Formal complaint email to a financial institution (CLB 10)
Task prompt
Your bank charged you an unauthorized fee of $240 on your account three months ago. You have called customer service twice and visited a branch, but the issue remains unresolved. Write a formal complaint email to the bank's dispute resolution office. State the facts precisely, document your prior attempts, demand a specific resolution, and indicate next steps if the matter is not resolved.
Your task
Write a formal escalation complaint to a bank’s dispute resolution office. Your email must:
- State the facts of the unauthorized charge precisely
- Document previous resolution attempts with dates
- Demand a specific, time-bound resolution
- State what action you will take if unresolved
Word count target: 200–240 words
Model answer (CLB 10)
Subject: Formal Complaint — Unauthorized Fee, Account #****7821 | Reference: CS-20260301 & CS-20260318
Dear Dispute Resolution Officer,
I am writing to formally escalate an unresolved billing dispute regarding my personal chequing account (ending in 7821). On March 1, 2026, a fee of $240.00 labelled “Premium Service Package — Annual” was applied to my account without my authorization. I have never enrolled in or consented to this service package, and no corresponding disclosure was provided to me in advance.

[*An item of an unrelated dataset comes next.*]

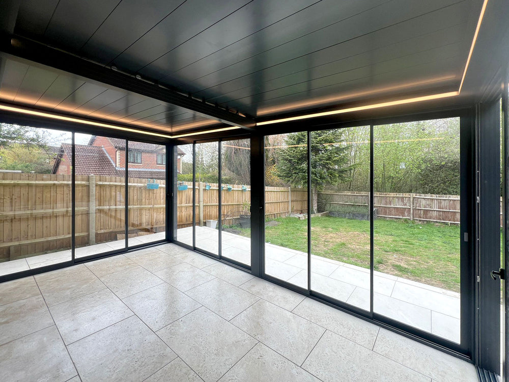 Built-in LED lighting transforms the space after dark, setting the mood for evening dining or relaxation. For an extra touch of luxury and year-round comfort, optional glass sliding walls can enclose the veranda to create a stylish, weather-protected garden room.

I contacted your customer service department by telephone on March 5 (reference CS-20260301) and again on March 18 (reference CS-20260318), and was advised on both occasions that the charge was “under review.” I also visited the Ridgeway branch in person on April 2, where a representative confirmed the review was ongoing but could not provide a resolution timeline. It is now May 28 — nearly three months since the original charge.

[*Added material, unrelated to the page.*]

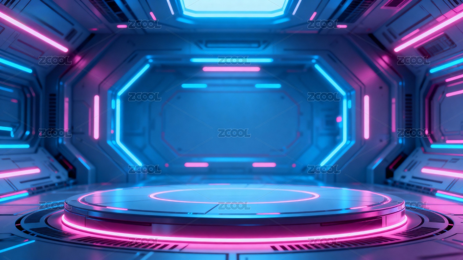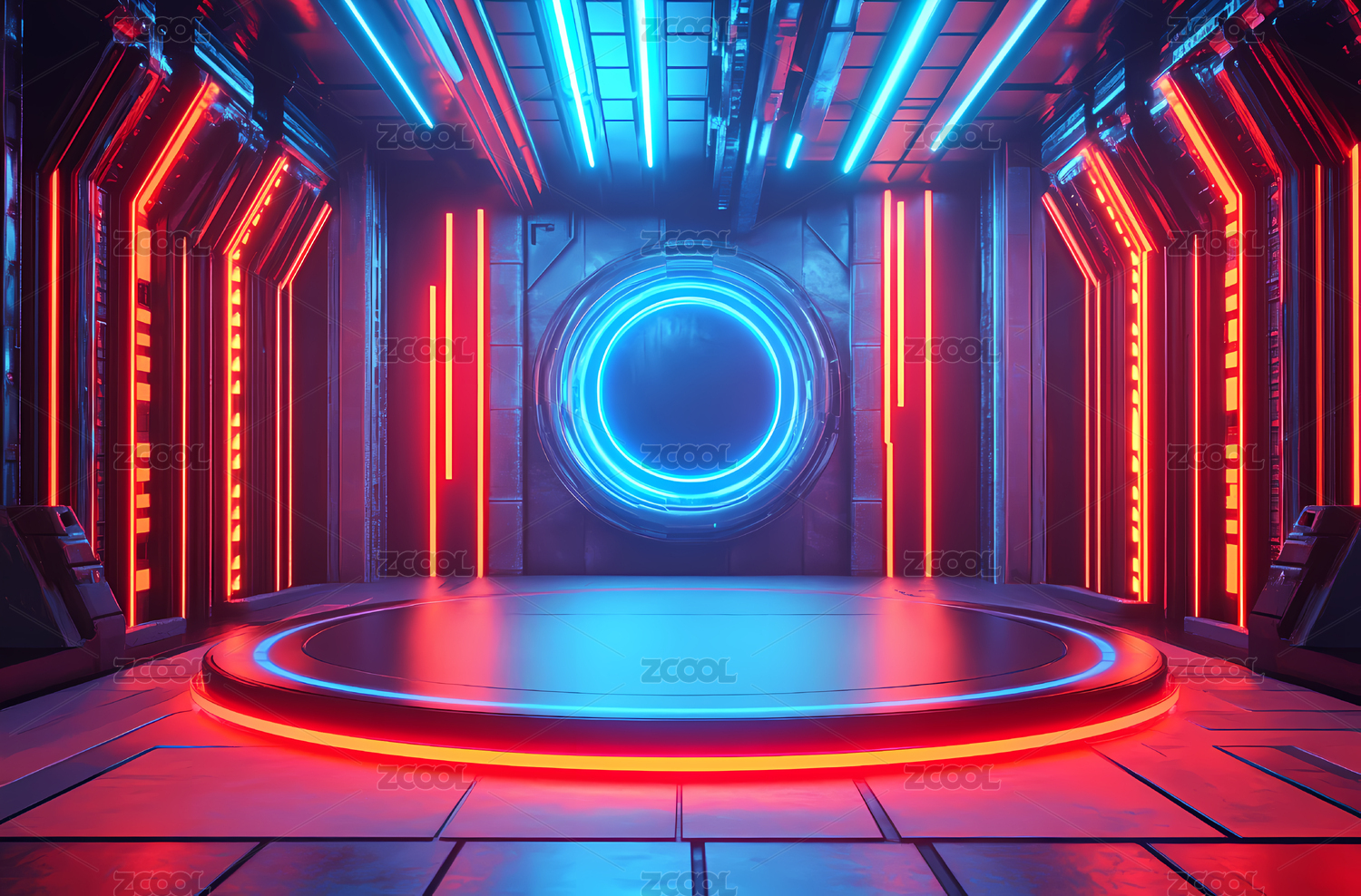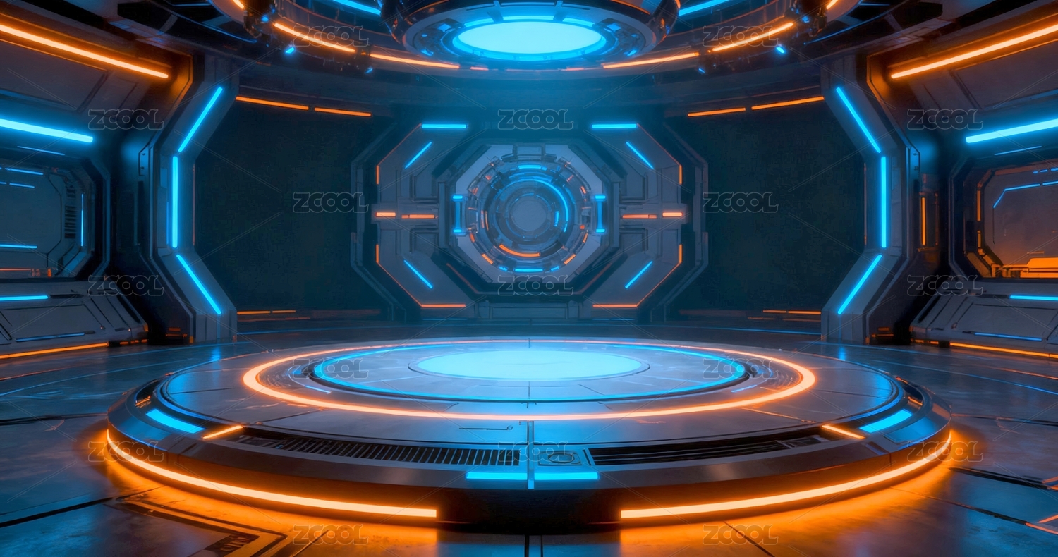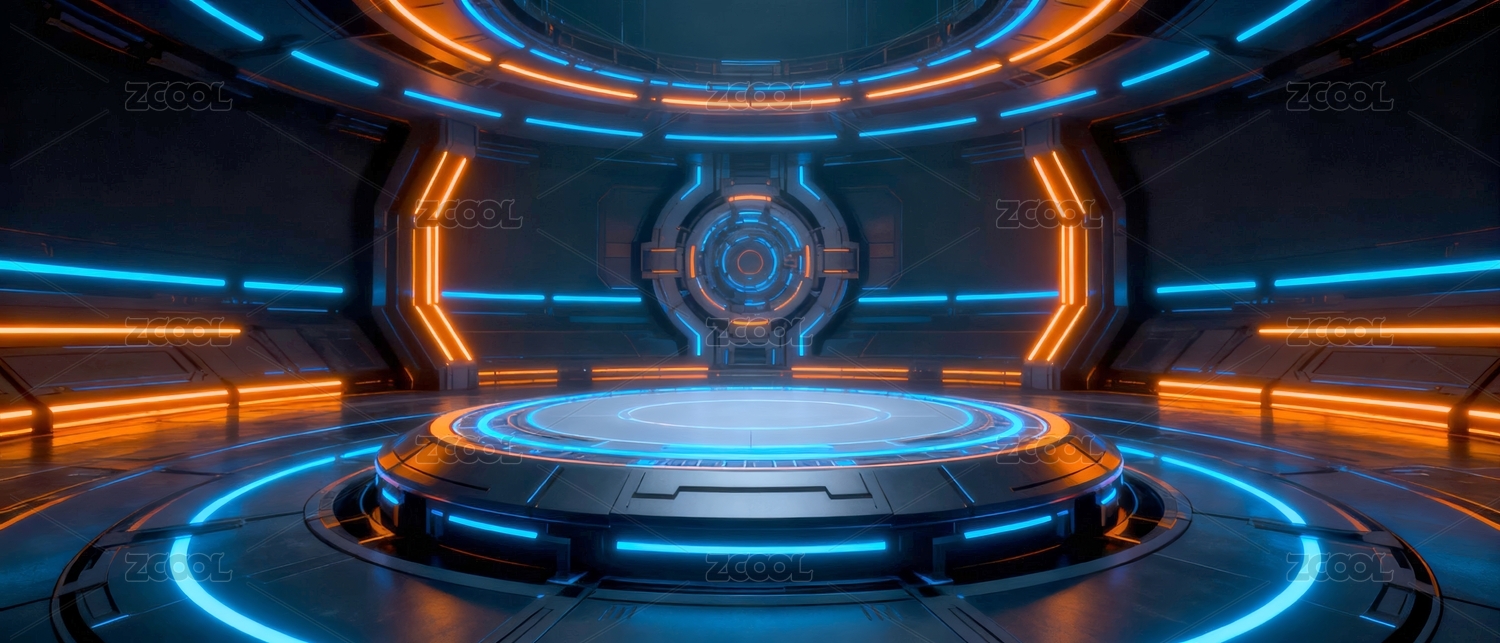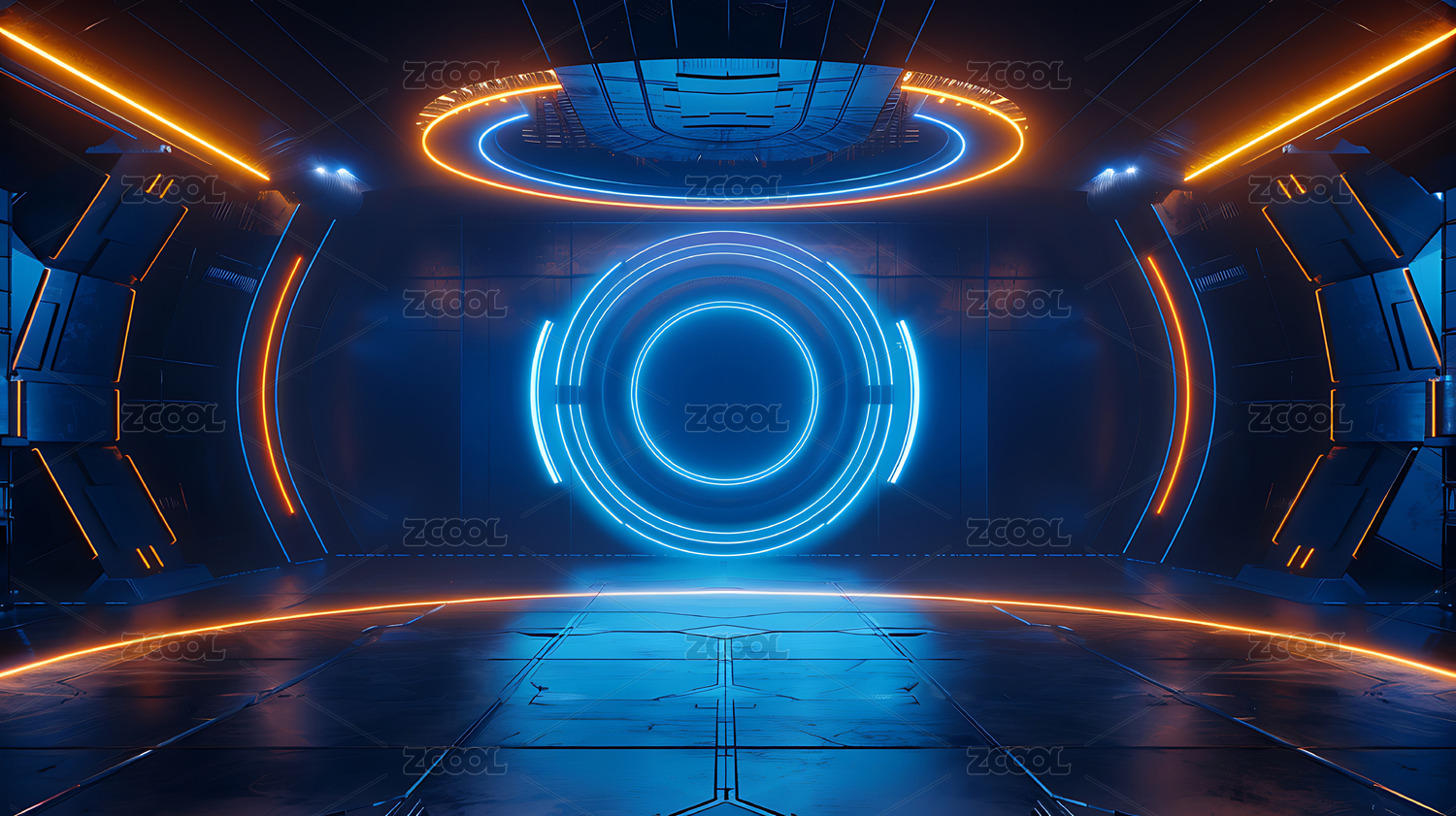 蓝橙霓虹圆形平台走廊

I am requesting the following action by June 11, 2026: a full refund of $240.00 to my account, written confirmation of the reversal, and a written explanation of how the fee was applied without my authorization.

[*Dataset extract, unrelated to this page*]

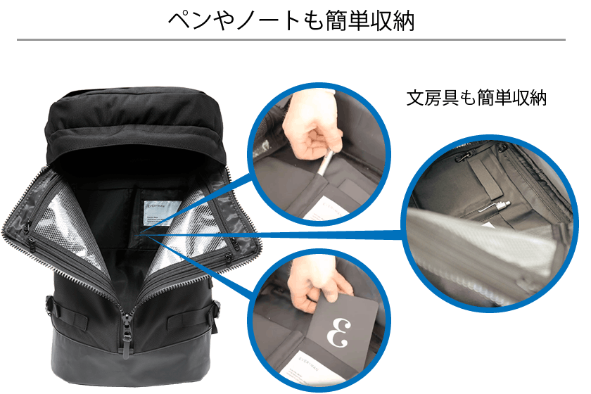 A.本体の素材は防水です。ジッパーは防水ではありませんが、ジッパーの位置が側面にあるため雨の日でも背負う事が可能です。
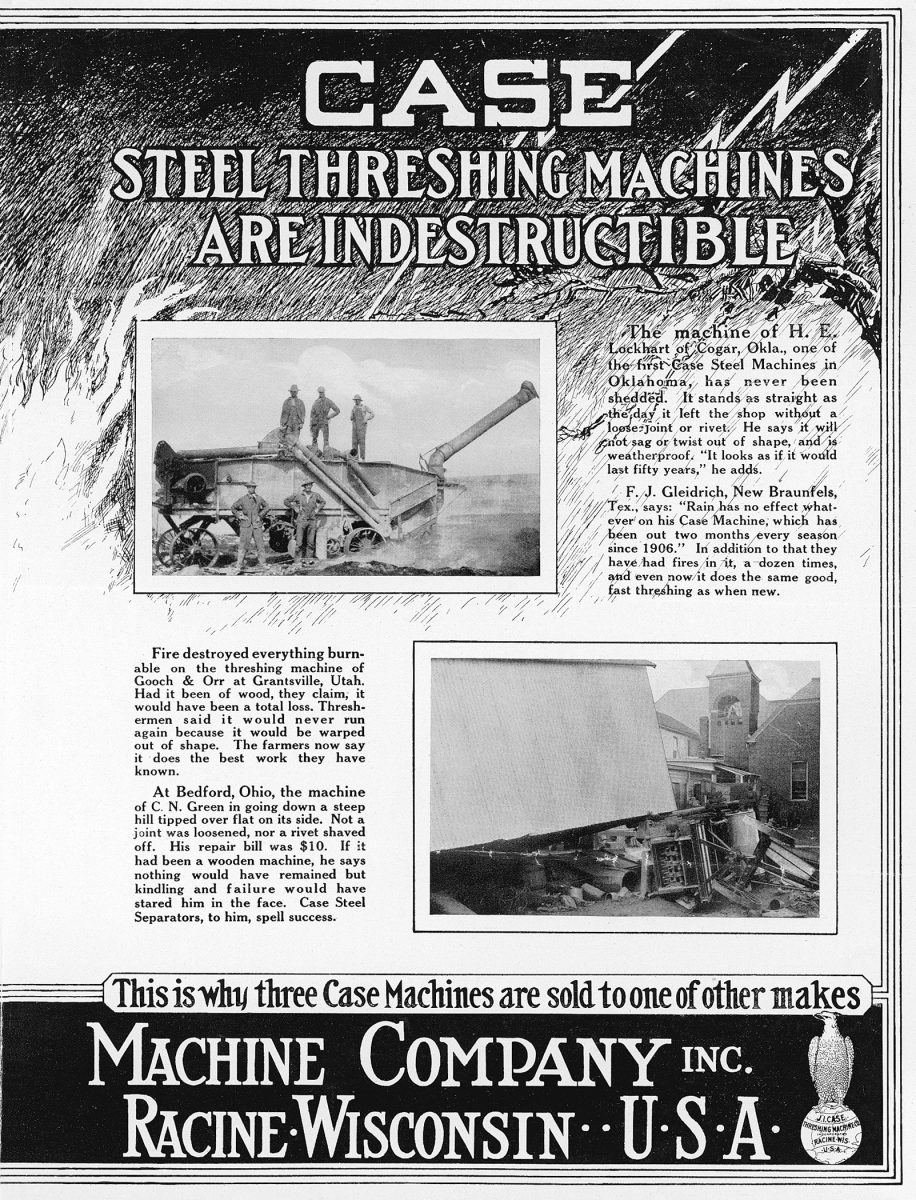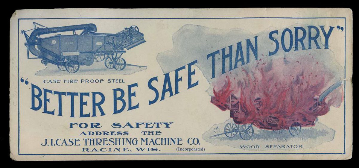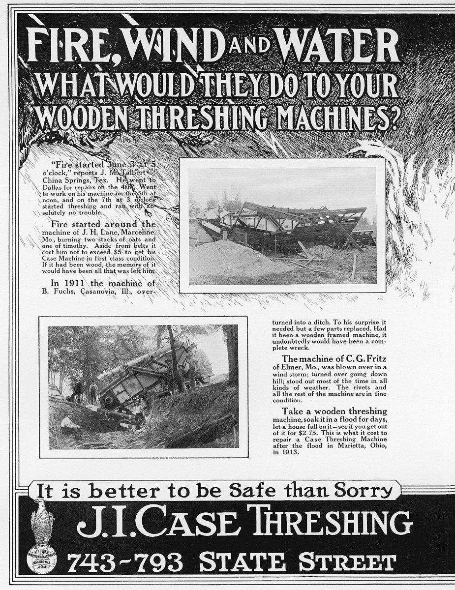 El folleto está titulado: «Fuego, viento y agua. ¿Qué les harían a sus trilladoras de madera?» Y en el mismo cuenta que el «Fuego estalló alrededor de la máquina de J. H Lane, Marceline, Missouri, quemando dos pilas de avena y una de Timothy. Aparte de las correas, solo le costó $ 5 poner su máquina Case en condiciones de primera. Si hubiera sido de madera, el recuerdo habría sido todo lo que le quedaba».

If this matter is not resolved by the date stated above, I will file a formal complaint with the Financial Consumer Agency of Canada (FCAC) and consult legal counsel regarding potential further action.
Yours sincerely, Robert Kamau Account #****7821 | (780) 555-0944 | robert.kamau@email.com
Why this scores CLB 10
| CLB Criterion | What this response does well |
|---|---|
| Purpose | Escalation email that creates a formal paper trail with accountability |
| Detail | Exact amount, exact dates, case reference numbers, branch visit, three-month timeline |
| Organization | Facts → prior attempts → demand → consequences — airtight escalation structure |
| Tone | Controlled, precise, firm — professional without being aggressive |
| Vocabulary | ”formal escalation,” “disclosure,” “under review,” “reversal,” “legal counsel,” “FCAC” |
| Grammar | Passive voice used strategically, subordinate clauses, no errors |
Common mistakes at CLB 8–9
| Weak version | Why it loses marks |
|---|---|
| ”I’m very angry about this.” | Emotion undermines credibility in formal dispute communications |
| No reference numbers | Without documentation, the complaint appears unfounded |
| No deadline for resolution | At CLB 10, every escalation must set a time-bound expectation |
| Not naming next steps | The threat of FCAC or legal action is what makes the escalation credible |
Examiner tip
CLB 10 escalation emails are the most demanding CELPIP writing format. The examiner is testing whether you can construct an argument that a professional institution will take seriously. The key is documentation: dates, reference numbers, visit records. Without these, the email is an assertion. With them, it is a case. Learn to write a paper trail, not just a complaint.